(Exercise objective):
Using the material below, print a verbatim copy of every line from the one containing "را بشوئید |" through the one containing "- ㆍ모니터 해상도의", inclusive, and omit the pictures.
== Source data
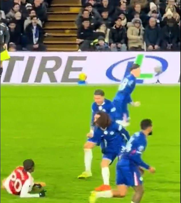 在一次场上事件中,恩佐-费尔南德斯在切尔西禁区边缘成功抢断马杜埃凯,导致后者倒地。
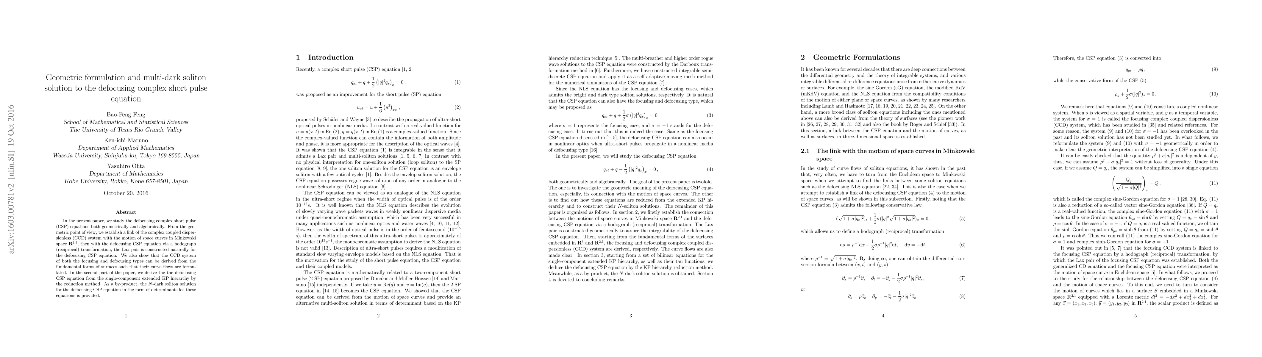 In the present paper, we study the defocusing complex short pulse (CSP) equations both geometrically and algebraically. From the geometric point of view, we establish a link of the complex coupled dispersionless (CCD) system with the motion of space curves in Minkowski space $\mathbf{R}^{2,1}$, then with the defocusing CSP equation via a hodograph (reciprocal) transformation, the Lax pair is constructed naturally for the defocusing CSP equation. We also show that the CCD system of both the focusing and defocusing types can be derived from the fundamental forms of surfaces such that their curve flows are formulated. In the second part of the paper, we derive the the defocusing CSP equation from the single-component extended KP hierarchy by the reduction method. As a by-product, the $N$-dark soliton solution for the defocusing CSP equation in the form of determinants for these equations is provided.
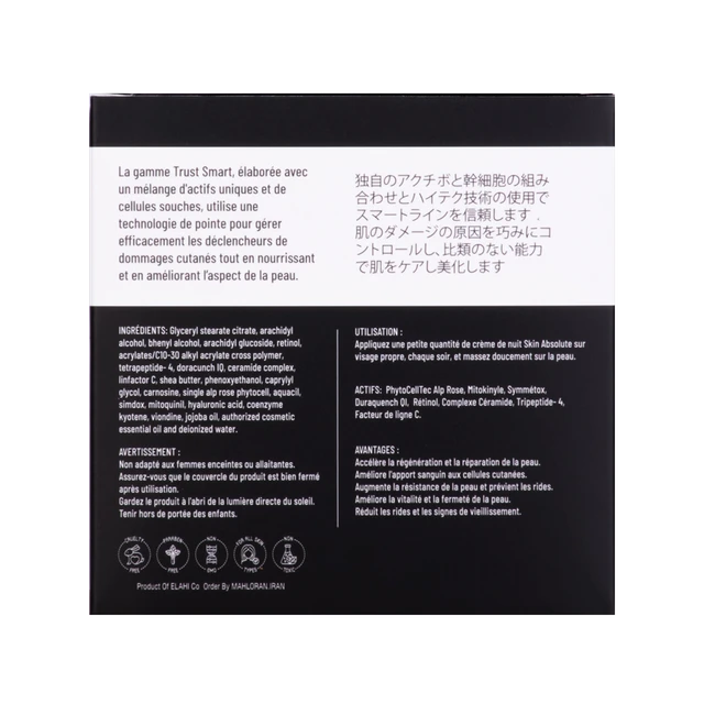 | نحوه مصرف | مقدار مناسبی از کرم شب تراست اسمارت را روی پوست تمیز و شسته شده قرار داده و به آرامی ماساژ دهید و صبح بعد از بیدار شدن صورت خود را بشوئید |
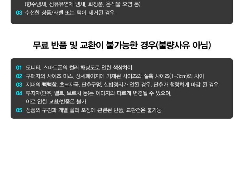 - ㆍ모니터 해상도의 차이로 인해 색상이나 이미지가 실제와 달라, 고객이 단순 변심으로 교환/반품을 무료로 요청하는 경우
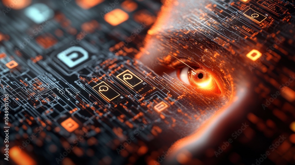 Wall mural : Closeup view of a futuristic circuit board with a captivating cybernetic eye monitoring the intricat
====
(Answer area):
 | نحوه مصرف | مقدار مناسبی از کرم شب تراست اسمارت را روی پوست تمیز و شسته شده قرار داده و به آرامی ماساژ دهید و صبح بعد از بیدار شدن صورت خود را بشوئید |
 - ㆍ모니터 해상도의 차이로 인해 색상이나 이미지가 실제와 달라, 고객이 단순 변심으로 교환/반품을 무료로 요청하는 경우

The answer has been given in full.